### AIM OF THE TASK
Output every line below exactly, please, omitting pictures.

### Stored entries

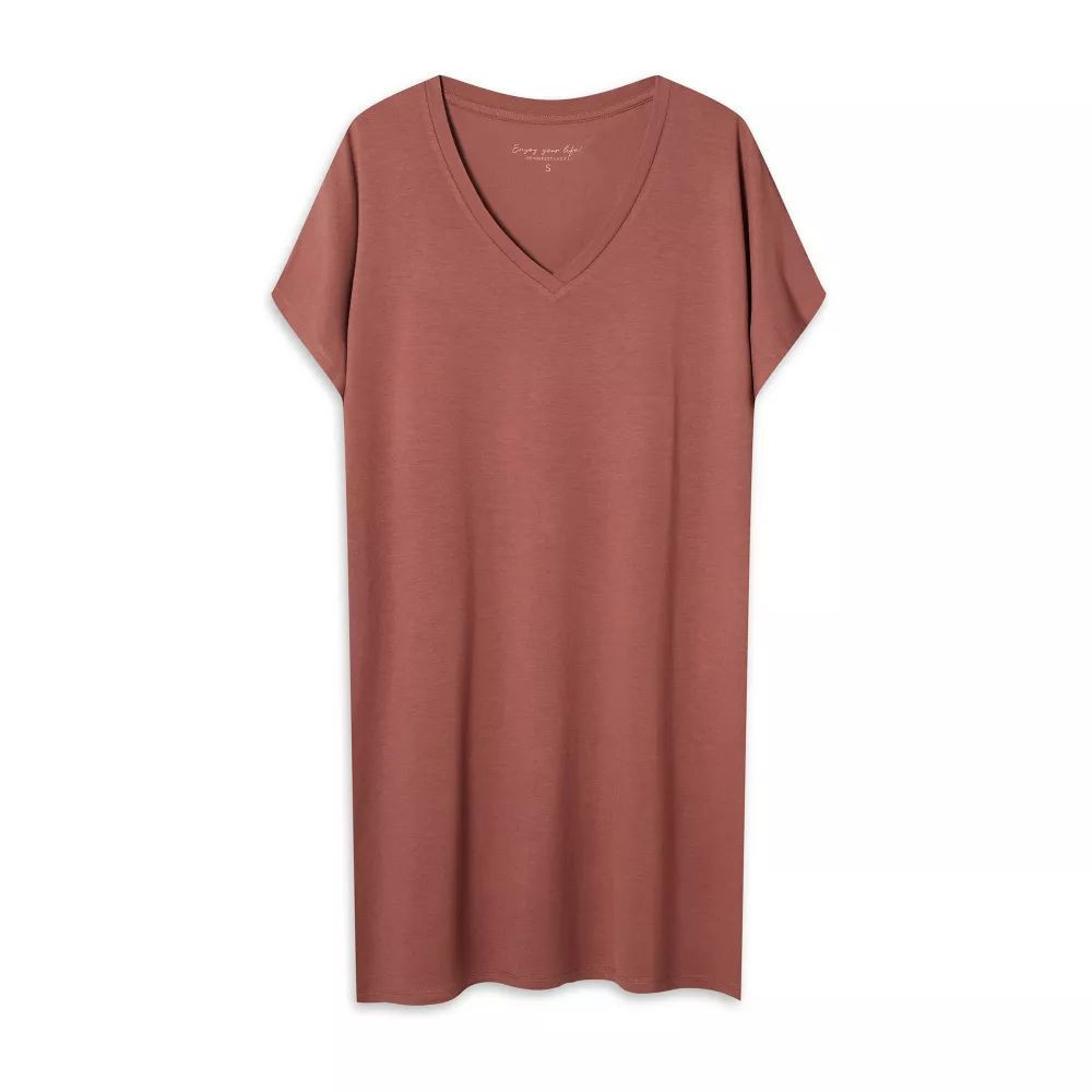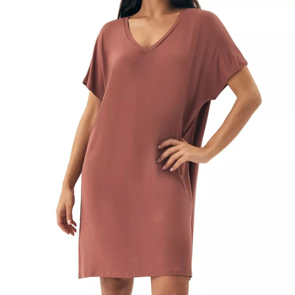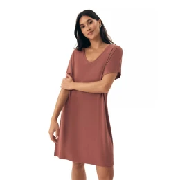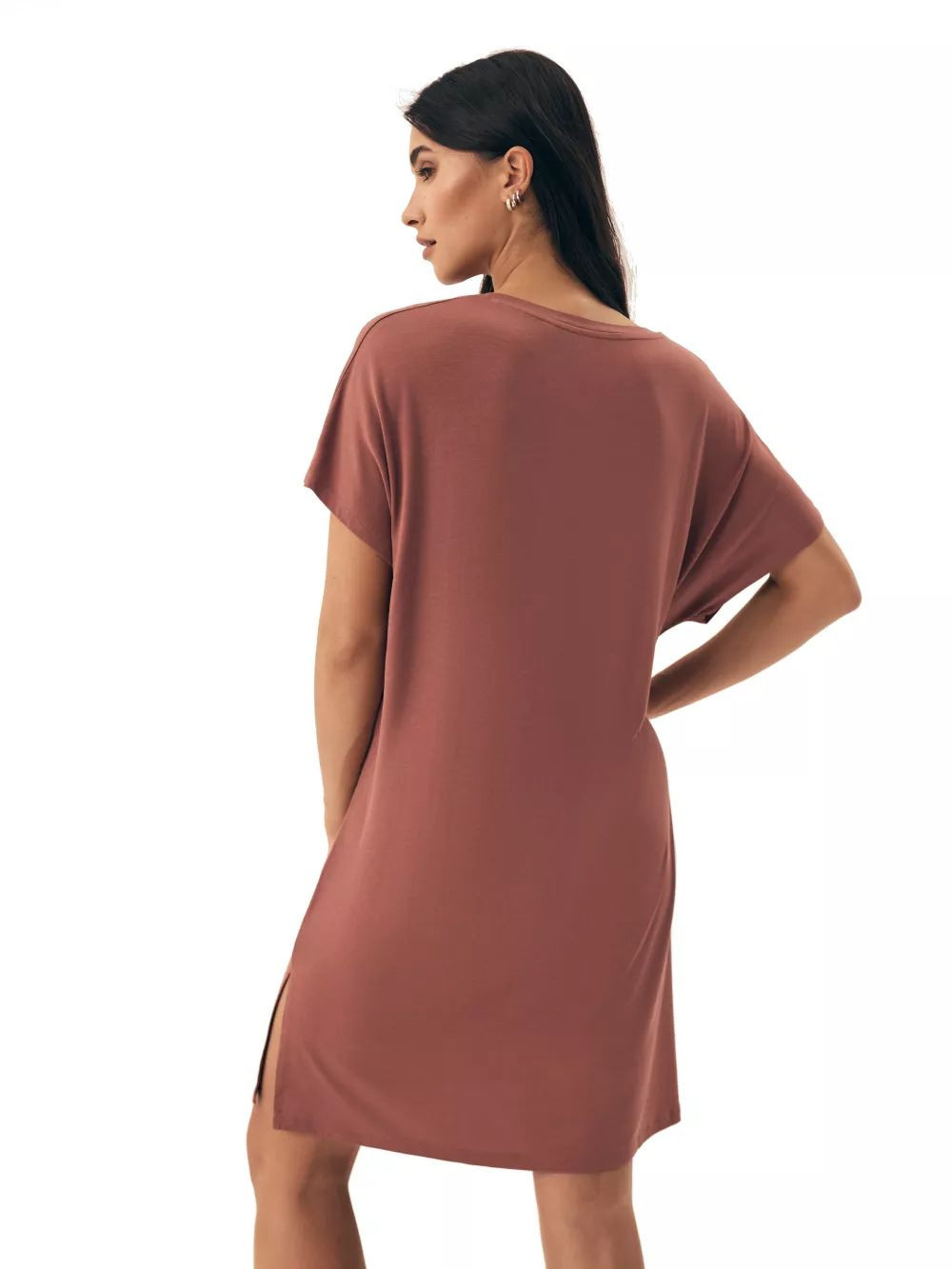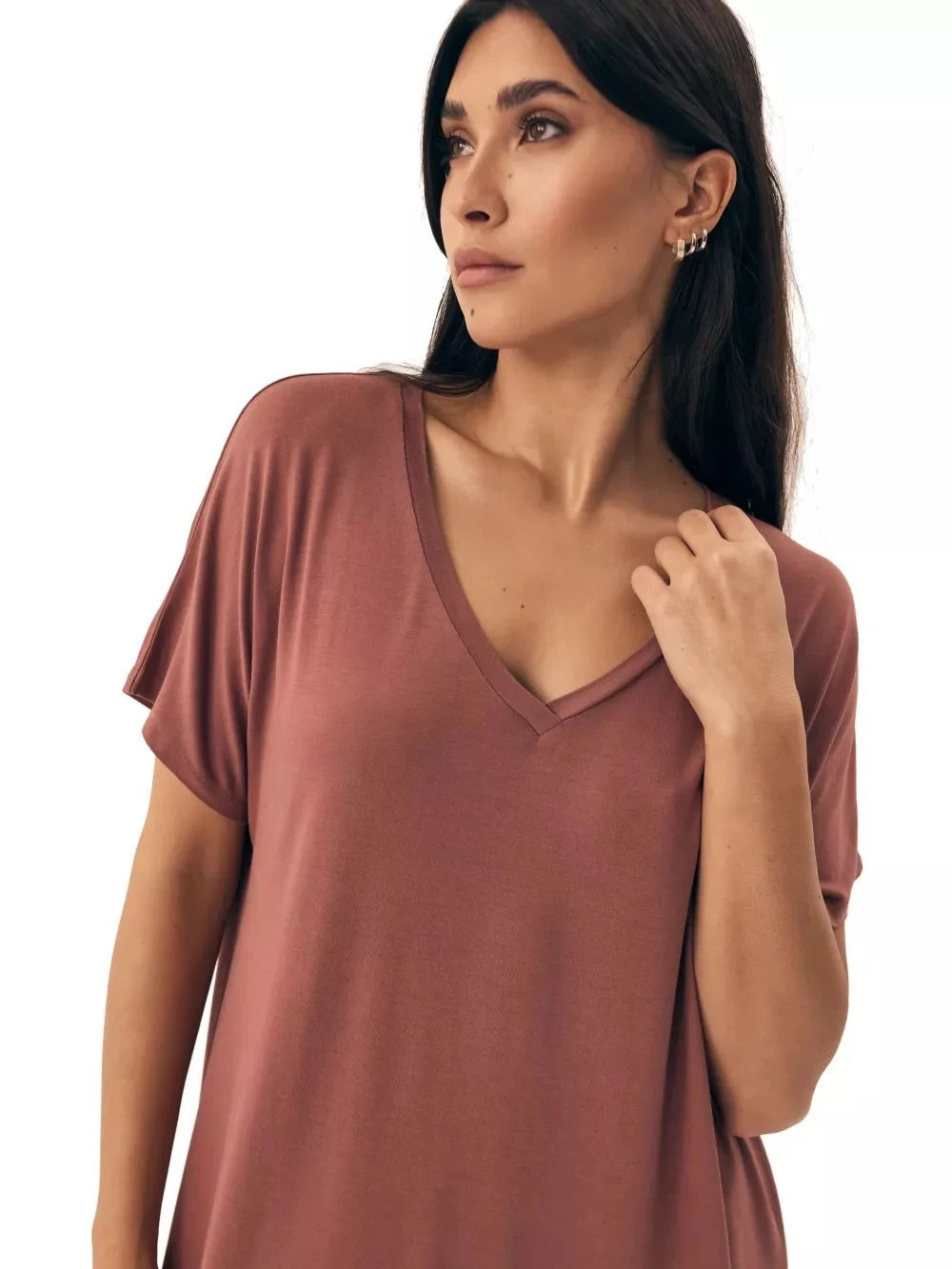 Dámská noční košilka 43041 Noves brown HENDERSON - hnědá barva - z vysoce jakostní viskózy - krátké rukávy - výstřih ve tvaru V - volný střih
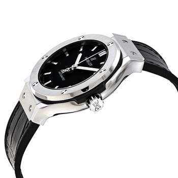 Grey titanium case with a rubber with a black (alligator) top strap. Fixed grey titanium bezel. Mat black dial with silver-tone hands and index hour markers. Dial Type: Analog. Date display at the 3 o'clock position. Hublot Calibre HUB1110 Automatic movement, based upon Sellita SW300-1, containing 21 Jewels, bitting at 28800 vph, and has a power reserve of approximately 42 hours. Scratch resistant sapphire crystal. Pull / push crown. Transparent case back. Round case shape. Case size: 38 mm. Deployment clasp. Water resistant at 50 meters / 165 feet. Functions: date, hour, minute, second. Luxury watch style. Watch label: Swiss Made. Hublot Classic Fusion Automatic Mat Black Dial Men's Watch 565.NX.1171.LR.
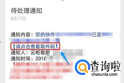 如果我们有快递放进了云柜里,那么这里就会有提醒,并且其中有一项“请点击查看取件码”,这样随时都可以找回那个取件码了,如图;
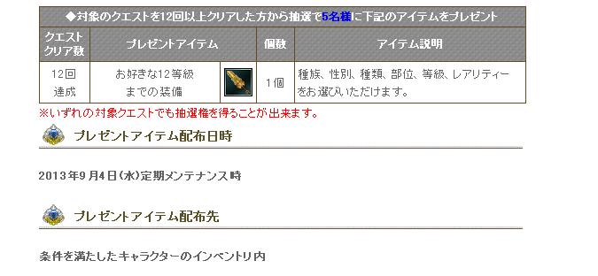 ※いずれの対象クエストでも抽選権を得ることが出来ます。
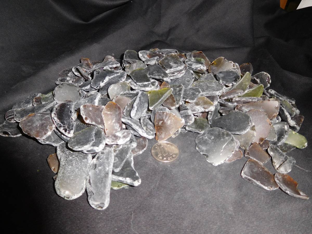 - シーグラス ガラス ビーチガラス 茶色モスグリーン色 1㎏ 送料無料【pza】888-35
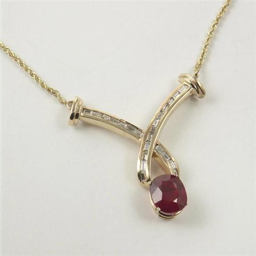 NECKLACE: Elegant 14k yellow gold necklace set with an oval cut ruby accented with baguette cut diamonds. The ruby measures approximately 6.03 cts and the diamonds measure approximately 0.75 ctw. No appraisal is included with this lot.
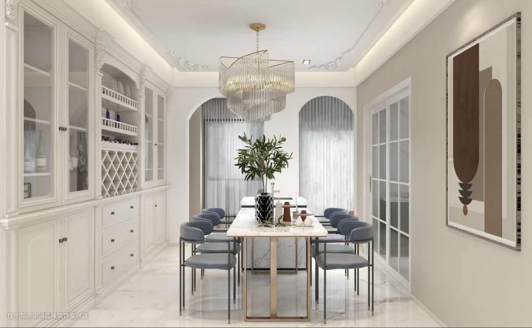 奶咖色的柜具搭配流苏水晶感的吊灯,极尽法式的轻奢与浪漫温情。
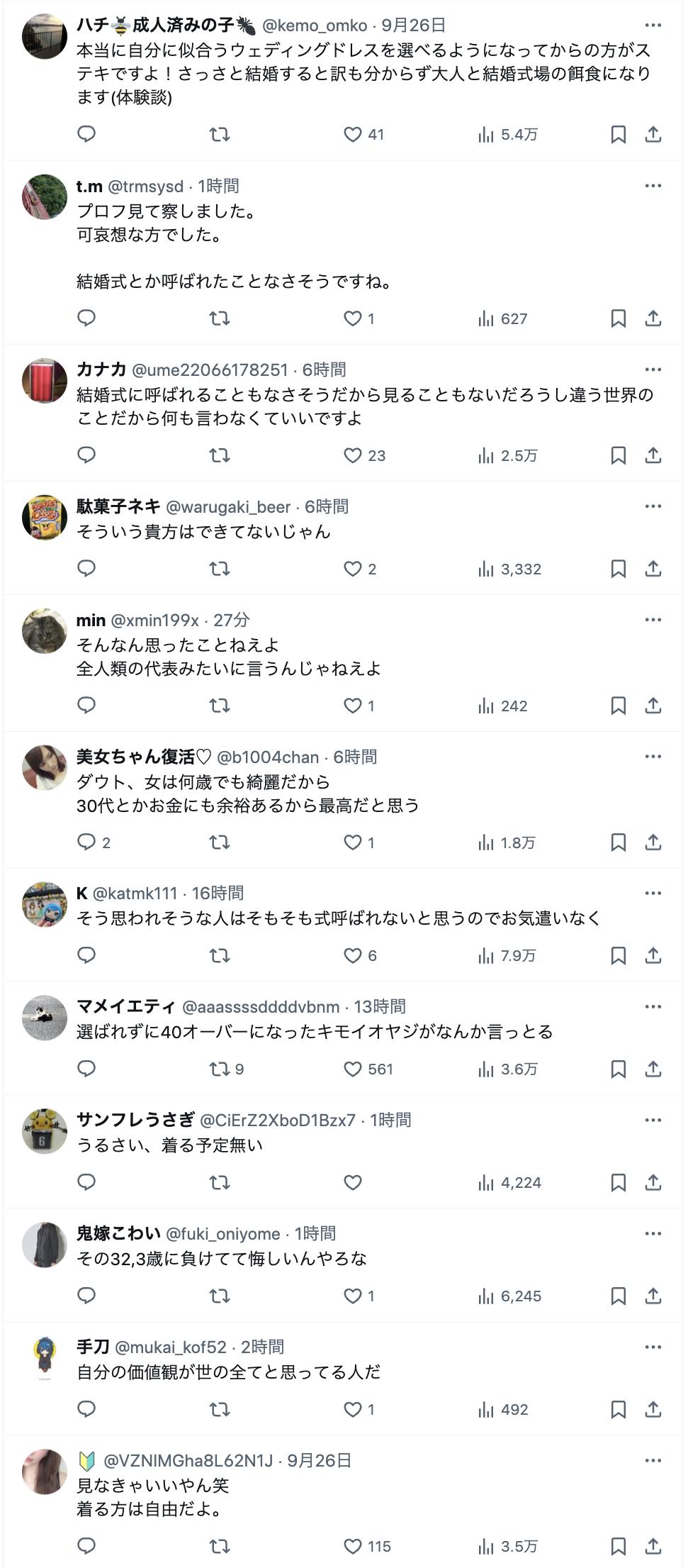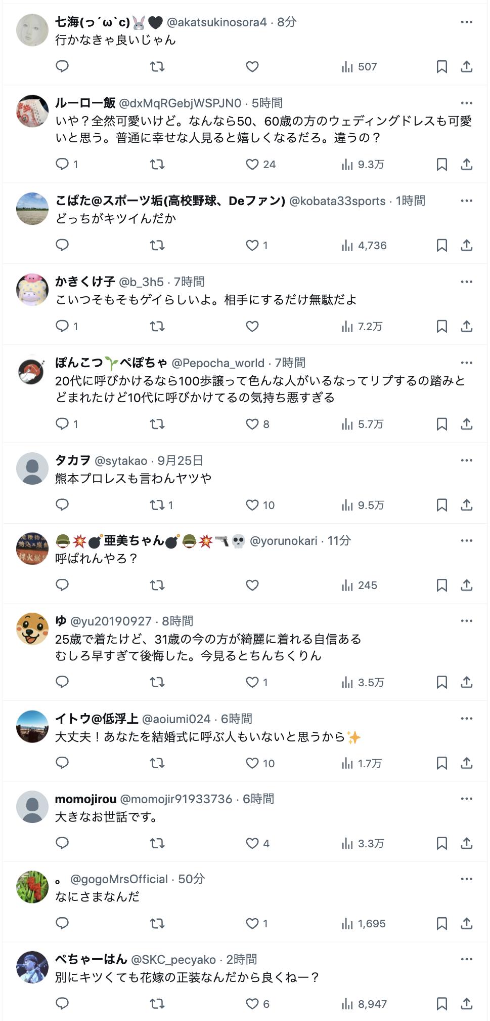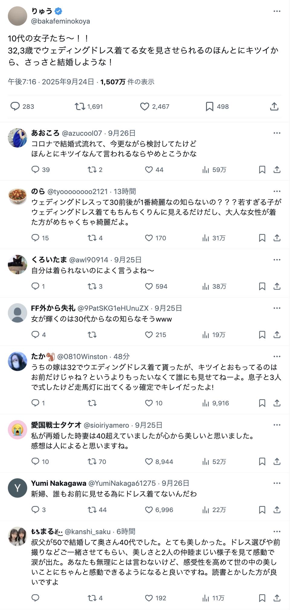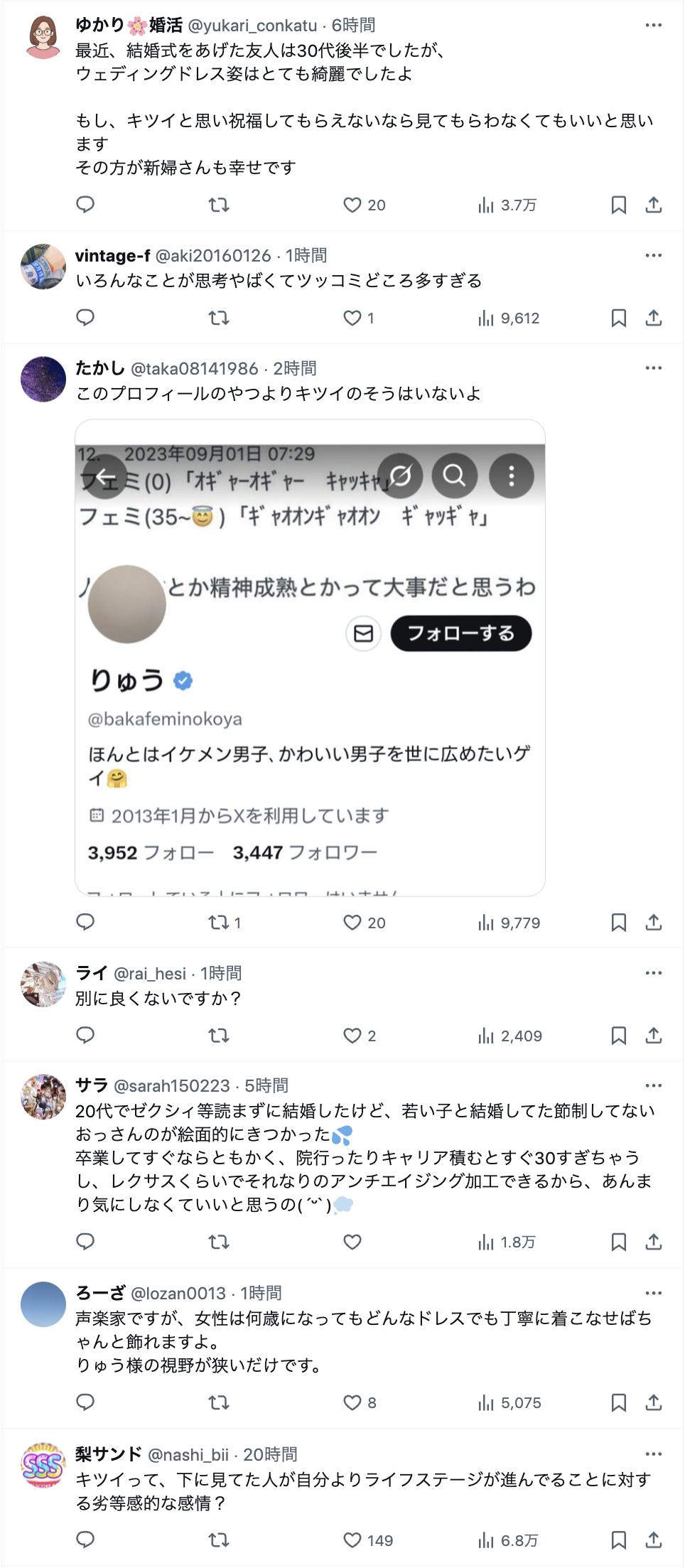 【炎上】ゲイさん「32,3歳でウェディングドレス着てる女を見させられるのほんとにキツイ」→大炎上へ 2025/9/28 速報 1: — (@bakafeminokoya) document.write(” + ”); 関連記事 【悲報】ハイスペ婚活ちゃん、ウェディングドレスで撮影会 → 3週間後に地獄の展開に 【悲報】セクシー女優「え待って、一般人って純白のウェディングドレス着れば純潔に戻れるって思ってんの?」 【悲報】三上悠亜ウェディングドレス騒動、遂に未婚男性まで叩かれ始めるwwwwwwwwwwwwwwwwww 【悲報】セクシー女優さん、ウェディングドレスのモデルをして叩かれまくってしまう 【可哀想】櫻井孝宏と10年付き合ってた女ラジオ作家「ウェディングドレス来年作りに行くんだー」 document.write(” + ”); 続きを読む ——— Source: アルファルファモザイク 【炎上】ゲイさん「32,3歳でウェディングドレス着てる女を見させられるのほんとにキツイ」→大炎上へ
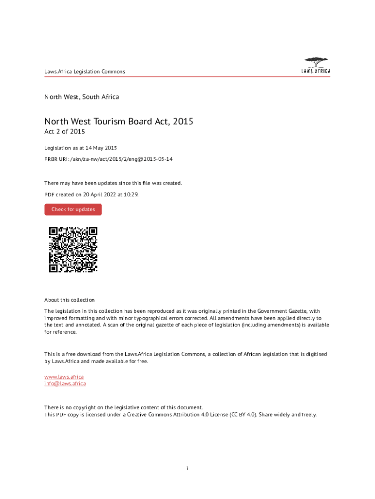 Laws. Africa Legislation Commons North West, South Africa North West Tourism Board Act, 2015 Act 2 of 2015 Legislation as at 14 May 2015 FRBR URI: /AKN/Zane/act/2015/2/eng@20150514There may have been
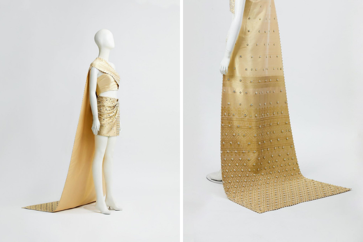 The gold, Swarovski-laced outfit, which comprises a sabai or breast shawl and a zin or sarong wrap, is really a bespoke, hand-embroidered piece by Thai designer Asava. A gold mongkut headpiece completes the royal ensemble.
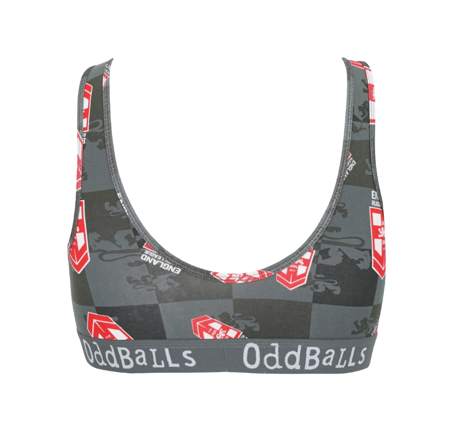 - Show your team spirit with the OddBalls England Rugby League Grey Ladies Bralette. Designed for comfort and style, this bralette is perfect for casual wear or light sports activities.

### WRITTEN RESPONSE
 Dámská noční košilka 43041 Noves brown HENDERSON - hnědá barva - z vysoce jakostní viskózy - krátké rukávy - výstřih ve tvaru V - volný střih
 Grey titanium case with a rubber with a black (alligator) top strap. Fixed grey titanium bezel. Mat black dial with silver-tone hands and index hour markers. Dial Type: Analog. Date display at the 3 o'clock position. Hublot Calibre HUB1110 Automatic movement, based upon Sellita SW300-1, containing 21 Jewels, bitting at 28800 vph, and has a power reserve of approximately 42 hours. Scratch resistant sapphire crystal. Pull / push crown. Transparent case back. Round case shape. Case size: 38 mm. Deployment clasp. Water resistant at 50 meters / 165 feet. Functions: date, hour, minute, second. Luxury watch style. Watch label: Swiss Made. Hublot Classic Fusion Automatic Mat Black Dial Men's Watch 565.NX.1171.LR.
 如果我们有快递放进了云柜里,那么这里就会有提醒,并且其中有一项“请点击查看取件码”,这样随时都可以找回那个取件码了,如图;
 ※いずれの対象クエストでも抽選権を得ることが出来ます。
 - シーグラス ガラス ビーチガラス 茶色モスグリーン色 1㎏ 送料無料【pza】888-35
 NECKLACE: Elegant 14k yellow gold necklace set with an oval cut ruby accented with baguette cut diamonds. The ruby measures approximately 6.03 cts and the diamonds measure approximately 0.75 ctw. No appraisal is included with this lot.
 奶咖色的柜具搭配流苏水晶感的吊灯,极尽法式的轻奢与浪漫温情。
 【炎上】ゲイさん「32,3歳でウェディングドレス着てる女を見させられるのほんとにキツイ」→大炎上へ 2025/9/28 速報 1: — (@bakafeminokoya) document.write(” + ”); 関連記事 【悲報】ハイスペ婚活ちゃん、ウェディングドレスで撮影会 → 3週間後に地獄の展開に 【悲報】セクシー女優「え待って、一般人って純白のウェディングドレス着れば純潔に戻れるって思ってんの?」 【悲報】三上悠亜ウェディングドレス騒動、遂に未婚男性まで叩かれ始めるwwwwwwwwwwwwwwwwww 【悲報】セクシー女優さん、ウェディングドレスのモデルをして叩かれまくってしまう 【可哀想】櫻井孝宏と10年付き合ってた女ラジオ作家「ウェディングドレス来年作りに行くんだー」 document.write(” + ”); 続きを読む ——— Source: アルファルファモザイク 【炎上】ゲイさん「32,3歳でウェディングドレス着てる女を見させられるのほんとにキツイ」→大炎上へ
 Laws. Africa Legislation Commons North West, South Africa North West Tourism Board Act, 2015 Act 2 of 2015 Legislation as at 14 May 2015 FRBR URI: /AKN/Zane/act/2015/2/eng@20150514There may have been
 The gold, Swarovski-laced outfit, which comprises a sabai or breast shawl and a zin or sarong wrap, is really a bespoke, hand-embroidered piece by Thai designer Asava. A gold mongkut headpiece completes the royal ensemble.
 - Show your team spirit with the OddBalls England Rugby League Grey Ladies Bralette. Designed for comfort and style, this bralette is perfect for casual wear or light sports activities.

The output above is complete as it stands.